Small town little old lady will want to arrive in Seattle on Amtrak and take the light rail to the airport. Will walking along to the place where I board the light rail be safe? How far is the walk?


----------



## zephyr17 (Apr 27, 2022)

dg1904 said:


> Small town little old lady will want to arrive in Seattle on Amtrak and take the light rail to the airport. Will walking along to the place where I board the light rail be safe? How far is the walk?


Walk is safe, though seeing homeless is likely, and pretty short.

You walk out of King Street and turn south towards the stadiums, take the outside elevator up to the Weller St pedestrian overpass from which the Sounder commuter trains board. At the end of the overpass, cross 4th Ave S at the crosswalk. Walk straight ahead between buildings and turn left at the end of the building. The Link light rail International District station will be right in front of you.


----------



## Maglev (Apr 27, 2022)

It's a relatively crowded area--I felt quite safe


----------



## Amtrak Apple (May 14, 2022)

dg1904 said:


> Small town little old lady will want to arrive in Seattle on Amtrak and take the light rail to the airport. Will walking along to the place where I board the light rail be safe? How far is the walk?
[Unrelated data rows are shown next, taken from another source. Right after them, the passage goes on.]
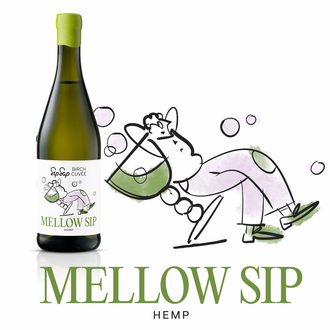 MELLOW SIP -fermented birch water with hemp.
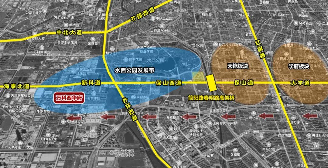 从水西公园开展带一路向东延展,先是南开区“新晋CBD”天拖板块,再是天南大所在的学府板块。
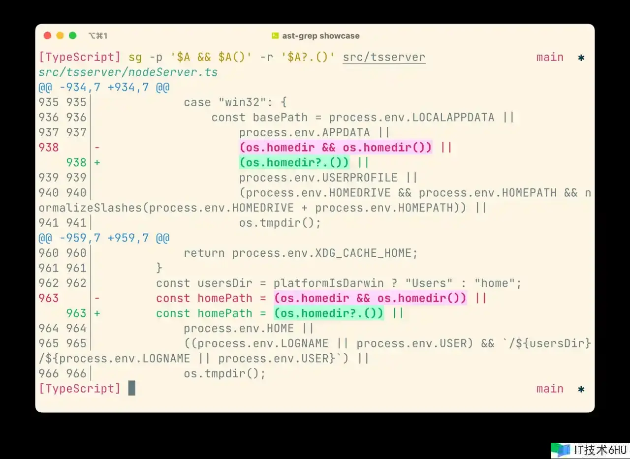 假定你需求将项目中相似os.homedir && os.homedir()的老式安全访问方法改为 ES6 标准的可选链式操作os.homedir?.()。以往你或许需求吃力定位和逐一替换,但现在只需一条 AST-GREP 命令:sg -p '$A && $A()' -r '$A?.()',就可以完结整个项目的重构,如下图所示: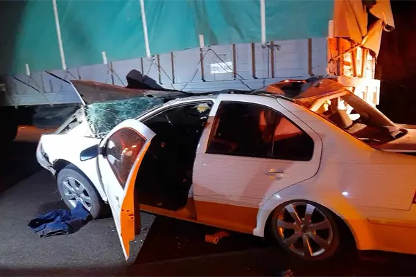 Un joven, que presuntamente circulaba, esta madrugada, bajo los influjos del alcohol, en su vehículo sobre la carretera internacional México 15, con dirección hacia Los Mochis, terminó debajo de un camión cargado con casi 30 toneladas de maíz; se desconoce si no midió la distancia y se impactó por alcance o si se cambió de carril por el estado en el que manejaba.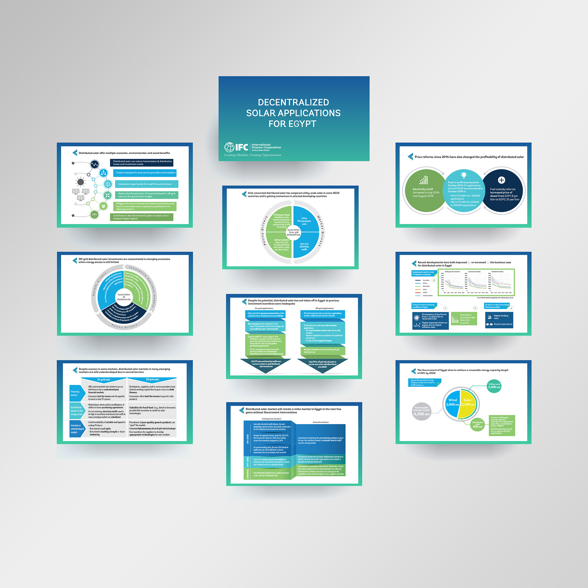 Infographic design highlighting policy actions to unlock the distributed solar market for on-grid and off-grid applications in Egypt.

I did this a couple years ago (eek, it's been that long?) and I asked someone how I would get to the light rail, and they were quite helpful. Didn't expect to come up the stairs to see what was then CenturyLink Field RIGHT THERE in front of me.


----------



## caravanman (May 14, 2022)

I once spent an "entertaining" time looking for my hotel on King Street... It transpires that King Street extends to either side of the Amtrak station!


----------



## flitcraft (May 16, 2022)

The walk from King St. Station to the International District Light Rail is quicker if you can leave the station via the second floor exit onto the plaza. For a while, that exit was closed, so I would inquire of someone at the station. 

Also, I happened to walk by that route last week and a small homeless encampment of two tents between King St Station and the I-District light rail station had been removed. The mayor has been making a priority to get homeless tent-dwellers into shelter, which has definitely reduced the street homeless population recently. 

Note that if you are a senior, the fare for light rail to the airport is one dollar--a bargain!


----------



## Shanson (Jun 1, 2022)

We did it the reverse direction a few years ago (from the airport to International Chinatown and walked to King Street Station, no.problems. It's not far.


----------